REQUIRED ACTION =>
Nothing but the images should be left out when the entries are restated word for word.

GIVEN ENTRIES =>

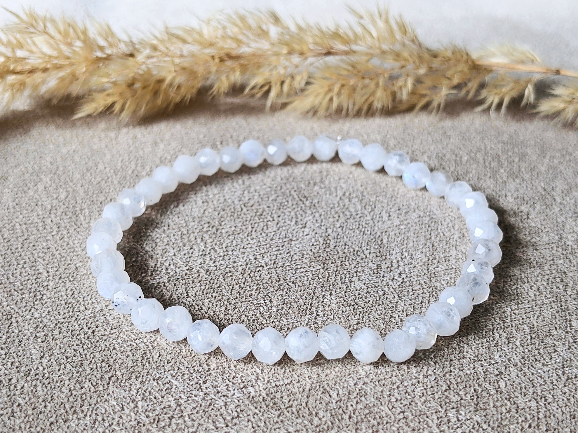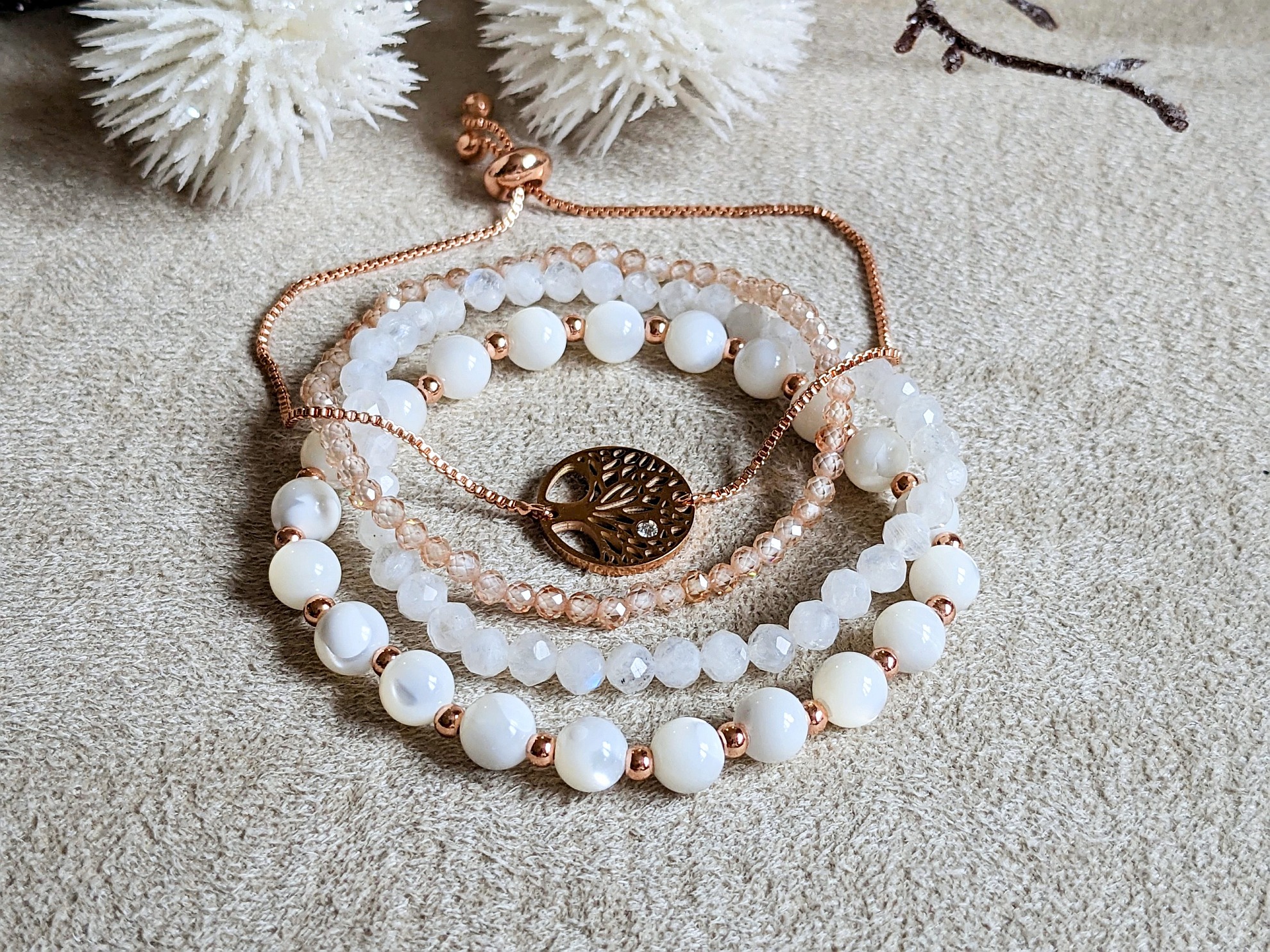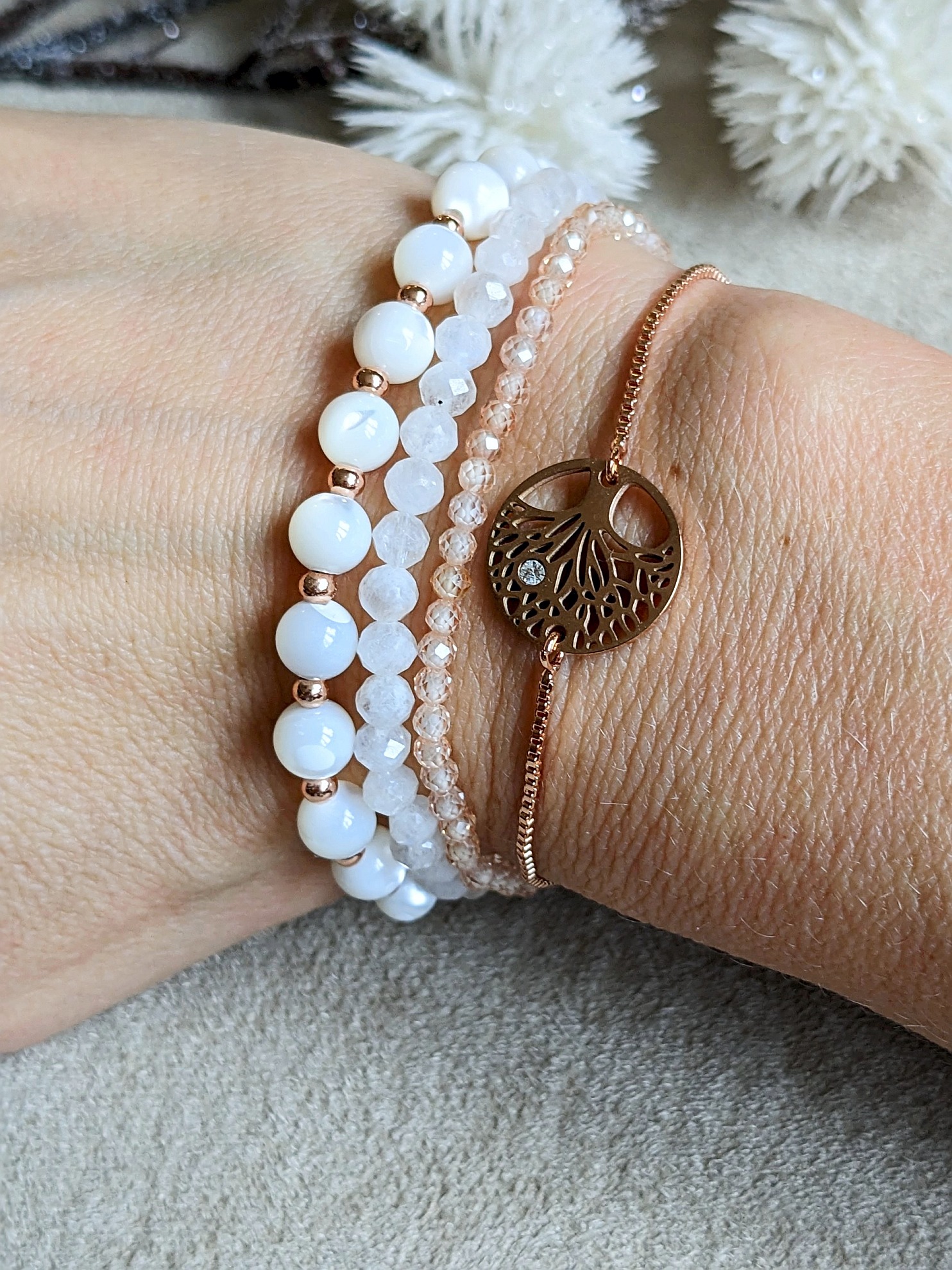 Set s perleťou a mesačným kameňom je jemný set tvorený zo 4 náramkov: náramku z perlete a oceľových korálok vo farbe ružového zlata, náramku z bieleho mesačného kameňa, náramku z kubického zirkónu a retiazkového náramku. Retiazkový náramok so stromom života je z bežného kovu vo farbe ružového zlata. Je nastaviteľný, maximálny obvod zápästia je 22 cm. Ostatné náramky sú na elastickom lanku, vyrobené na obvod zápästia 15 cm. Je možné veľkosť zmeniť, stačí do poznámky v objednávke uviesť obvod zápästia natesno.
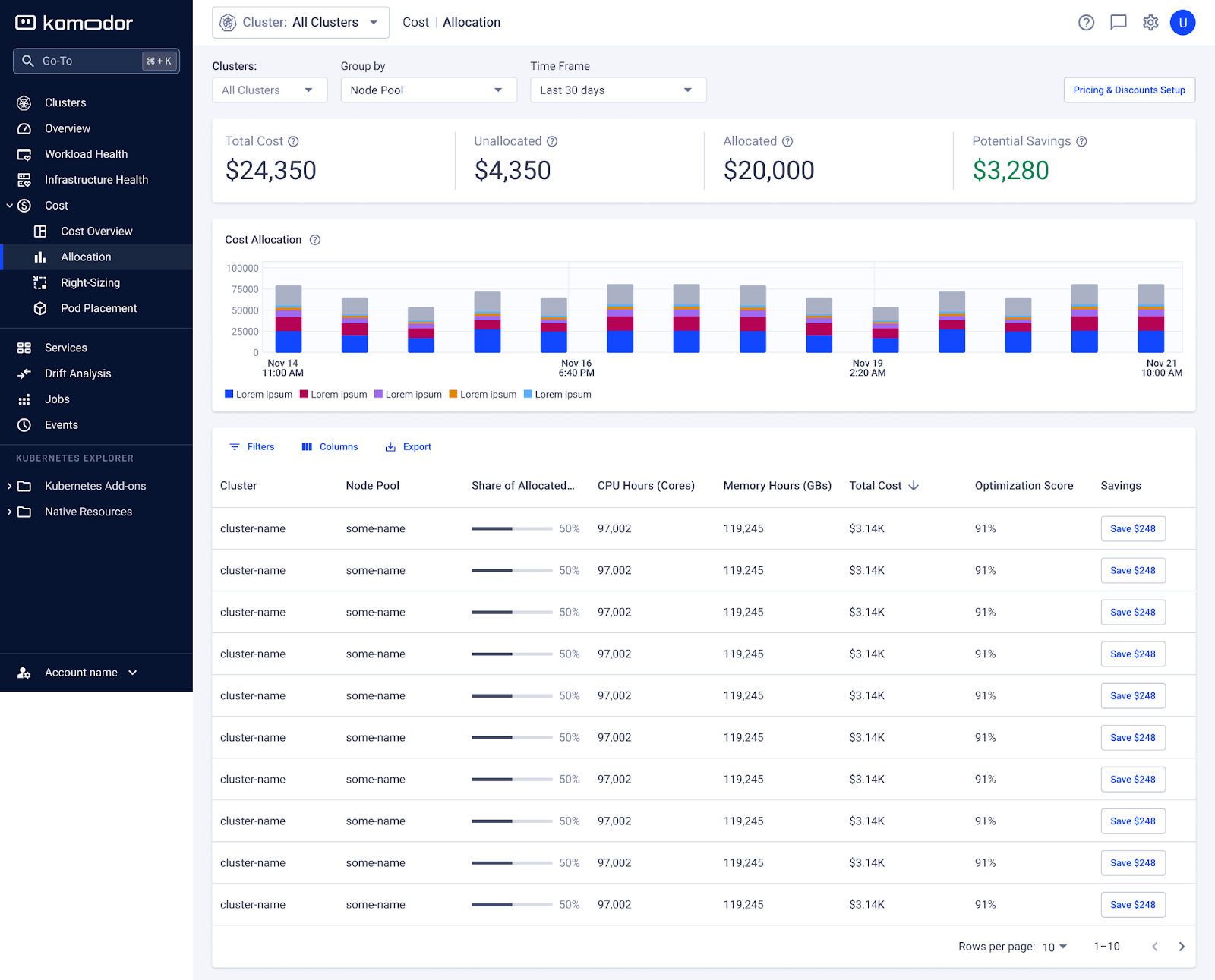 The Cost Allocation page in Komodor gives you precise insight into how your Kubernetes infrastructure spend is distributed - by cluster, namespace, or service.
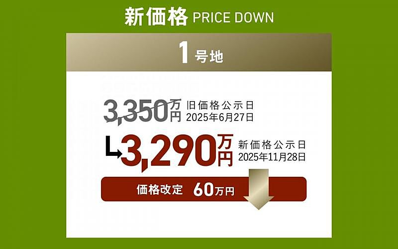 | 販売価格 | 3290~3390万円 | 最多価格帯 | 3390万円(1区画)、3290万円(1区画) |
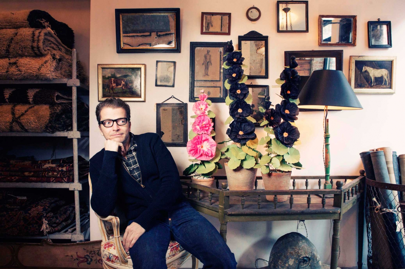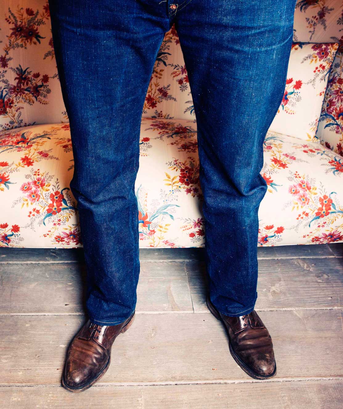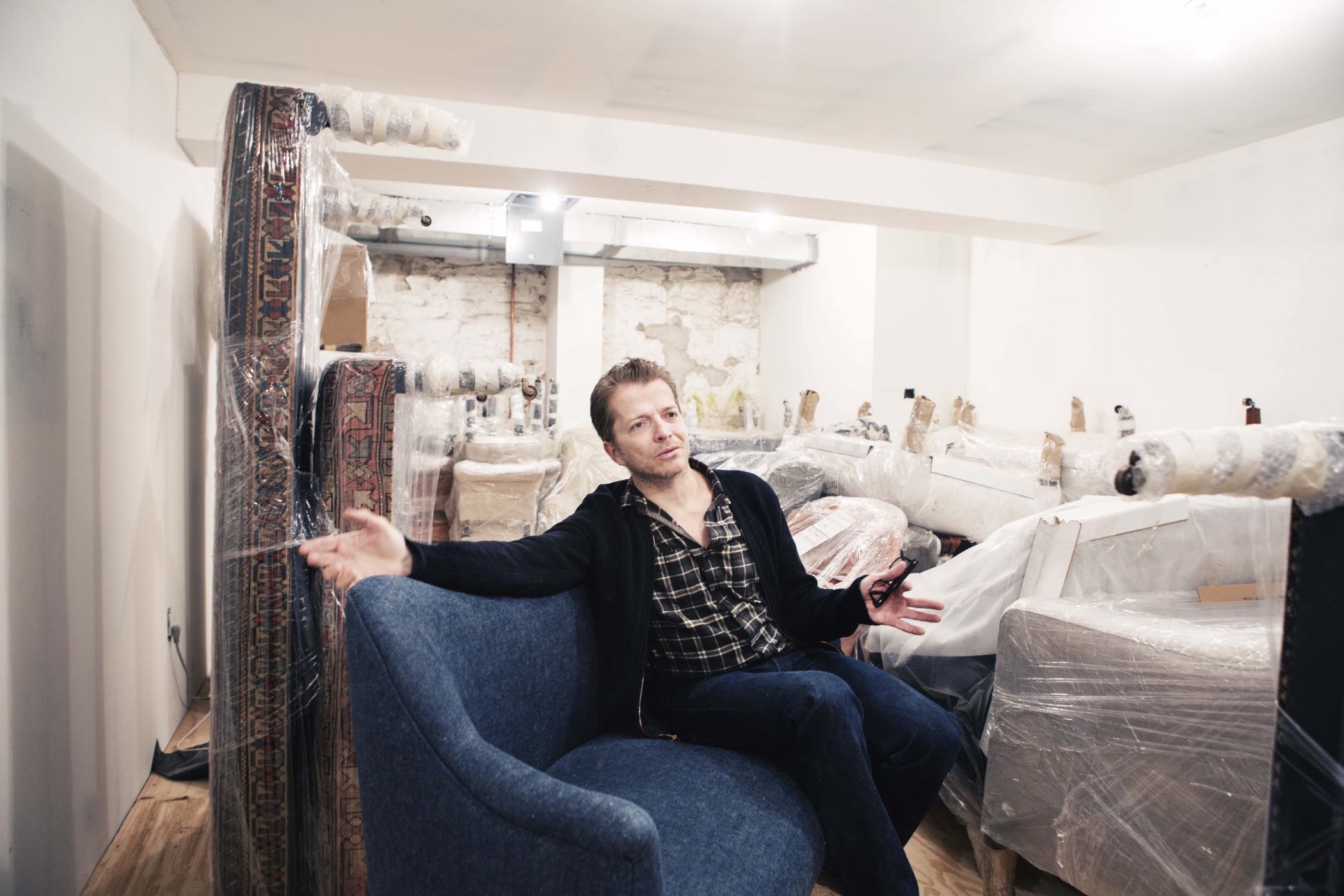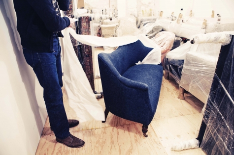 “I just think it’s going be incredible when it wears,” says John Derian as he removes the wrapping from a brand-new loveseat upholstered in indigo-dyed denim. “It’ll be so obvious, just like a pair of jeans, or like leather when it patinas.” The denim – made of 55% hemp and 45 % cotton – is one of five new fabrics that Derian is introducing into his furniture line, which is now housed in its own shop in between his decoupage-filled flagship and Dry Goods stores on East 2nd Street in New York City. Covering the loveseat, a formal two-seater with a back shaped like a top lip, the casual, blue jean fabric looks phenomenal. “It’s all washed,” Derian says taking a seat (fear not, his beautiful sofa won’t stain its sitters). “We can really do anything in the store in this fabric, but I think this piece is the most popular.”
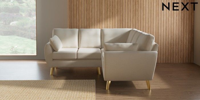 7.3.1 Buy Wilson Small Corner Sofa - Universal Ripple Chenille Oyster Metal Tapered - Gold from the Laura Ashley online shop
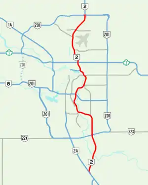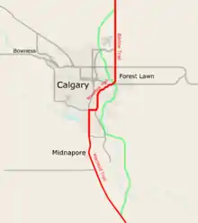 As a segment of Highway 2, Deerfoot Trail is a core route of the National Highway System and a key international corridor.[3] It is also part of Calgary's Primary Goods Movement Network and is identified as a skeletal road in the city's Transportation Plan, a limited-access route important for long distance travellers, and is the only route that stretches the entire length of the city from north to south.[4] From its split with Highway 2A (Macleod Trail) near the hamlet of De Winton in the south, it runs north to Stoney Trail at Calgary's northern city limit where it becomes the Queen Elizabeth II Highway.[5][6] The freeway roughly bisects the city, though it lies entirely east of Centre Street which officially marks the boundary between the east and west side of the city. From its southern terminus until Memorial Drive, Deerfoot approximates the course of the Bow River. Initially the freeway is on the east side, then crosses to the west bank, and finally back to the east before the river and Memorial Drive veer west at Inglewood towards downtown.[7] Most of the road's northern half parallels Nose Creek, a tributary of the Bow.[8]
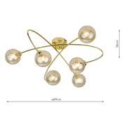 Dar Lighting Etta 6 Light Semi Flush Polished Gold Champagne Glass • ETT6435
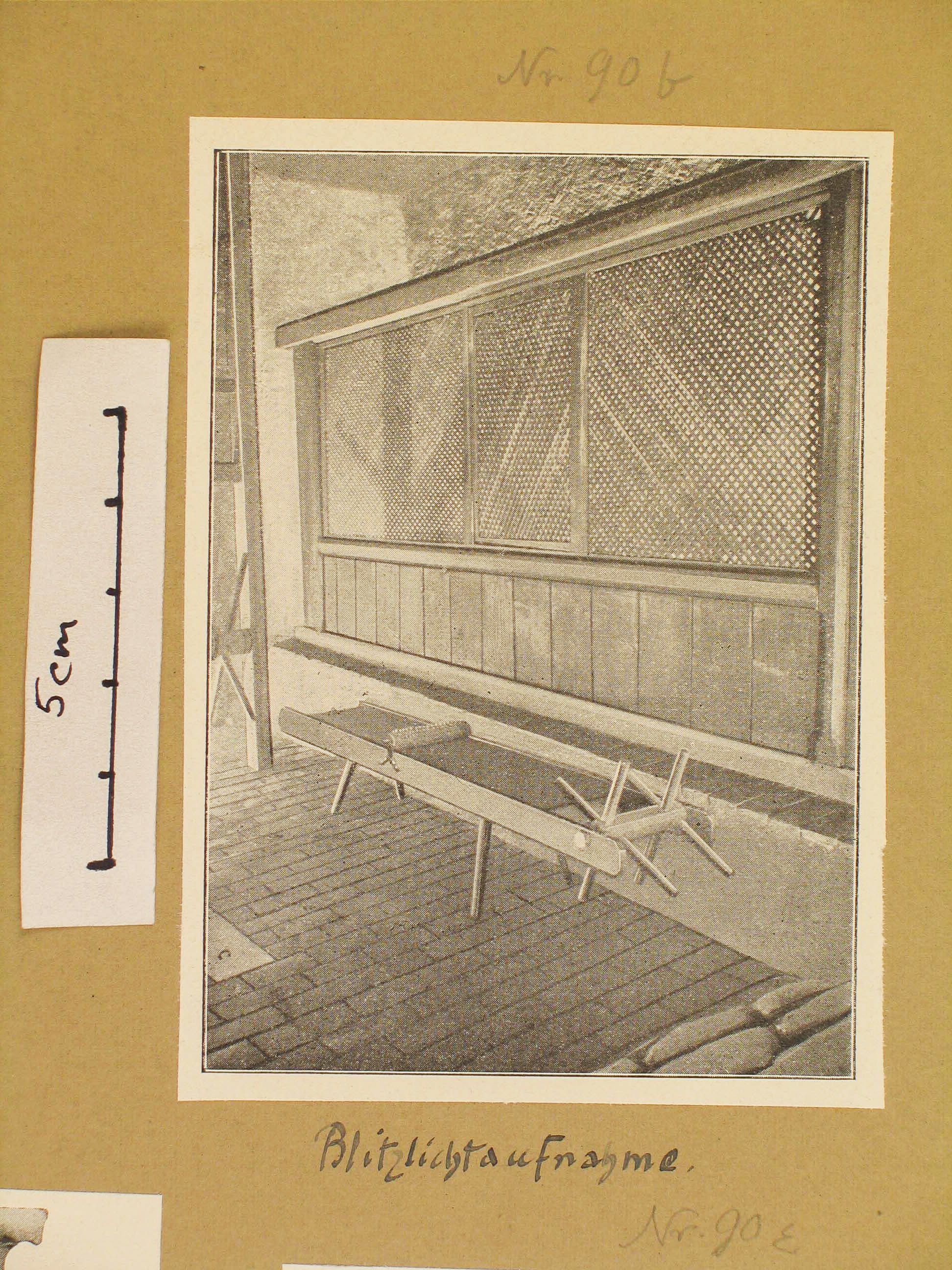 Oben rechts (90b) ist in einem Raum eine Streckbank dargestellt. Dahinter befindet sich eine Wand mit kleinen Gitterchen. Unter beiden oberen Aufnahmen steht: "Blitzlichtaufnahme".

ANSWER TO THIS EXERCISE =>
 Set s perleťou a mesačným kameňom je jemný set tvorený zo 4 náramkov: náramku z perlete a oceľových korálok vo farbe ružového zlata, náramku z bieleho mesačného kameňa, náramku z kubického zirkónu a retiazkového náramku. Retiazkový náramok so stromom života je z bežného kovu vo farbe ružového zlata. Je nastaviteľný, maximálny obvod zápästia je 22 cm. Ostatné náramky sú na elastickom lanku, vyrobené na obvod zápästia 15 cm. Je možné veľkosť zmeniť, stačí do poznámky v objednávke uviesť obvod zápästia natesno.
 The Cost Allocation page in Komodor gives you precise insight into how your Kubernetes infrastructure spend is distributed - by cluster, namespace, or service.
 | 販売価格 | 3290~3390万円 | 最多価格帯 | 3390万円(1区画)、3290万円(1区画) |
 “I just think it’s going be incredible when it wears,” says John Derian as he removes the wrapping from a brand-new loveseat upholstered in indigo-dyed denim. “It’ll be so obvious, just like a pair of jeans, or like leather when it patinas.” The denim – made of 55% hemp and 45 % cotton – is one of five new fabrics that Derian is introducing into his furniture line, which is now housed in its own shop in between his decoupage-filled flagship and Dry Goods stores on East 2nd Street in New York City. Covering the loveseat, a formal two-seater with a back shaped like a top lip, the casual, blue jean fabric looks phenomenal. “It’s all washed,” Derian says taking a seat (fear not, his beautiful sofa won’t stain its sitters). “We can really do anything in the store in this fabric, but I think this piece is the most popular.”
 7.3.1 Buy Wilson Small Corner Sofa - Universal Ripple Chenille Oyster Metal Tapered - Gold from the Laura Ashley online shop
 As a segment of Highway 2, Deerfoot Trail is a core route of the National Highway System and a key international corridor.[3] It is also part of Calgary's Primary Goods Movement Network and is identified as a skeletal road in the city's Transportation Plan, a limited-access route important for long distance travellers, and is the only route that stretches the entire length of the city from north to south.[4] From its split with Highway 2A (Macleod Trail) near the hamlet of De Winton in the south, it runs north to Stoney Trail at Calgary's northern city limit where it becomes the Queen Elizabeth II Highway.[5][6] The freeway roughly bisects the city, though it lies entirely east of Centre Street which officially marks the boundary between the east and west side of the city. From its southern terminus until Memorial Drive, Deerfoot approximates the course of the Bow River. Initially the freeway is on the east side, then crosses to the west bank, and finally back to the east before the river and Memorial Drive veer west at Inglewood towards downtown.[7] Most of the road's northern half parallels Nose Creek, a tributary of the Bow.[8]
 Dar Lighting Etta 6 Light Semi Flush Polished Gold Champagne Glass • ETT6435
 Oben rechts (90b) ist in einem Raum eine Streckbank dargestellt. Dahinter befindet sich eine Wand mit kleinen Gitterchen. Unter beiden oberen Aufnahmen steht: "Blitzlichtaufnahme".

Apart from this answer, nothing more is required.